Qui plus est, le protocole est accompagné de dispositions institutionnelles pertinentes comme le renforcement de la commission mixte qui, déjà prévue dans le cadre de la convention de 1980, assurera la cohésion du système en disposant d'un droit de regard sur les avances annuelles versées par la partie algérienne et permettra de régler les différends qui pourraient subvenir.
En outre, notons que la mise en place du présent texte a été conditionnée par le recouvrement des dettes passées, ce qui démontre la bonne volonté de notre partenaire algérien de renforcer les dispositifs déjà existants et de bâtir un partenariat équilibré et durable.
Néanmoins, nous pensons que ce traité comporte encore de nombreuses zones d'ombre. En vérité, sa philosophie s'inscrit dans le phénomène nouveau et grandissant du tourisme médical. Ce phénomène peut être lu comme la conséquence directe d'un monde globalisé et le fait d'une classe moyenne issue de pays émergents toujours plus importante et désireuse d'accéder aux meilleurs soins possibles.
Le cas algérien est loin d'être isolé, les Marocains et les Américains contractant également des dettes importantes auprès de nos hôpitaux. La France, forte d'un système médical reconnu, est en effet une destination de choix pour de nombreux étrangers qui souhaitent bénéficier, à des tarifs relativement compétitifs, de la qualité des soins que nous dispensons. La question qui se pose est donc la suivante : doit-on généraliser ce système au-delà du seul cas algérien ?

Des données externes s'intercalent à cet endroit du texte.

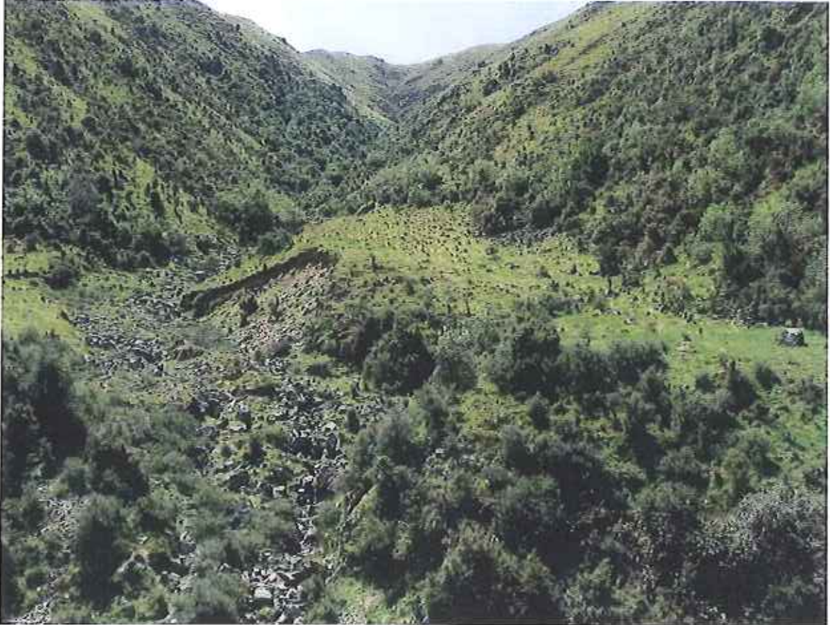
Valley to the west seen from Andrews Stream: Stream and shrublands right down to the valley floor

Nous n'ouvrirons pas aujourd'hui ce débat, quand bien même il semble à première vue difficile de trouver une solution globale adaptée à des recouvrements dont la majeure partie s'effectue auprès d'assurances privées.

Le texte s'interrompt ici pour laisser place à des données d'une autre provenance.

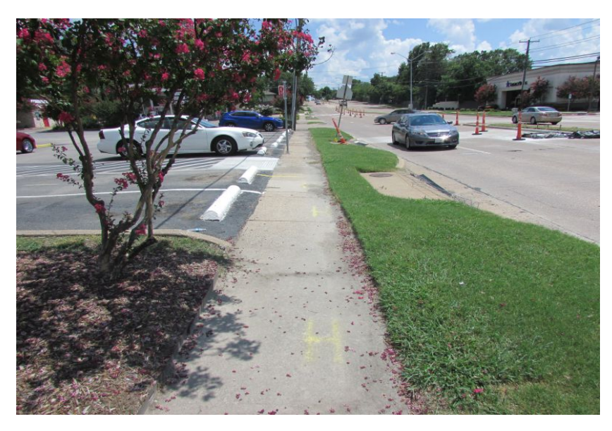
Narrow sidewalks on busy arterial road

Toutefois, si cet usage était appelé à se généraliser, il convient de tout faire pour éviter l'avènement d'un système médical à deux vitesses, susceptible de pénaliser nos concitoyens vis-à-vis d'étrangers plus ou moins fortunés. Par ailleurs, la ratification de ce traité, si elle permet à de nombreux ressortissants algériens de bénéficier de la qualité des traitements dispensés par nos hôpitaux, ne doit pas se faire au détriment de l'intérêt que le gouvernement algérien porte à l'amélioration de ses propres structures médicales nationales, qui ont vocation à terme à répondre aux besoins des patients algériens.

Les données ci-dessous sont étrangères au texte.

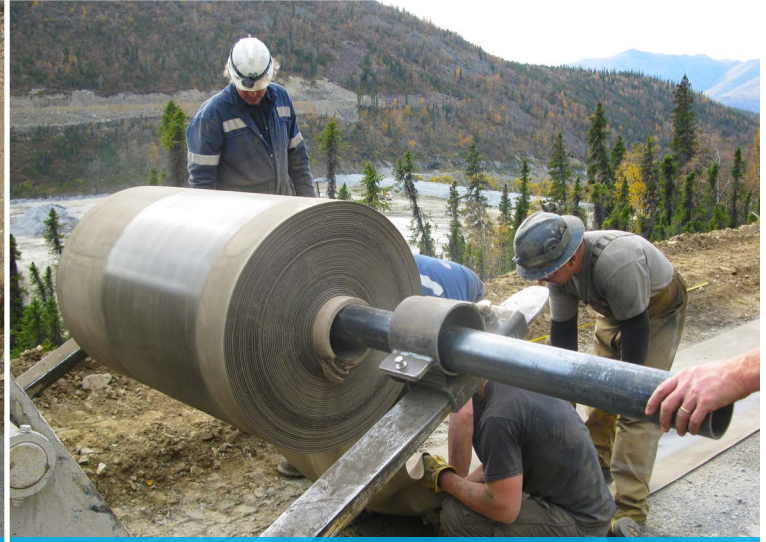
CC mounted to Caterpillar small wheel loader

Sur un tout autre sujet, eu égard aux difficultés économiques conjoncturelles que rencontre actuellement l'Algérie, compte tenu notamment de la chute des prix du pétrole et de l'importance de son déficit public, des mécanismes de contrôle doivent être prévus pour assurer que notre partenaire respecte ses engagements sur le long terme. Le Comité intergouvernemental de haut niveau, mis en place en 2012, peut constituer le cadre de discussion privilégié pour mener des débats plus poussés sur le sujet.
Les mesures prévues dans le cadre de ce traité méritent également d'être accompagnées dans leur mise en oeuvre d'un travail important d'information à destination de la population algérienne susceptible de bénéficier de ce dispositif. De l'autre côté de la Méditerranée, des précisions méritent d'être apportées sur l'impact de ce protocole sur le budget de la Sécurité sociale comme sur le fonctionnement de nos établissements français.
Aussi, si le protocole annexe à la convention de 1980 nous semble incomplet et appelle à un débat plus approfondi sur de nombreux sujets, le groupe UDI, Agir et indépendants appelle de ses voeux la ratification de ce traité qui, s'il ne règle pas tout, contribue à apporter les mécanismes correctifs nécessaires qui permettront d'accueillir et de soigner, dans les meilleures conditions possibles, des patients algériens, tout en garantissant aux hôpitaux français une gestion financière et administrative simplifiée et plus rigoureuse.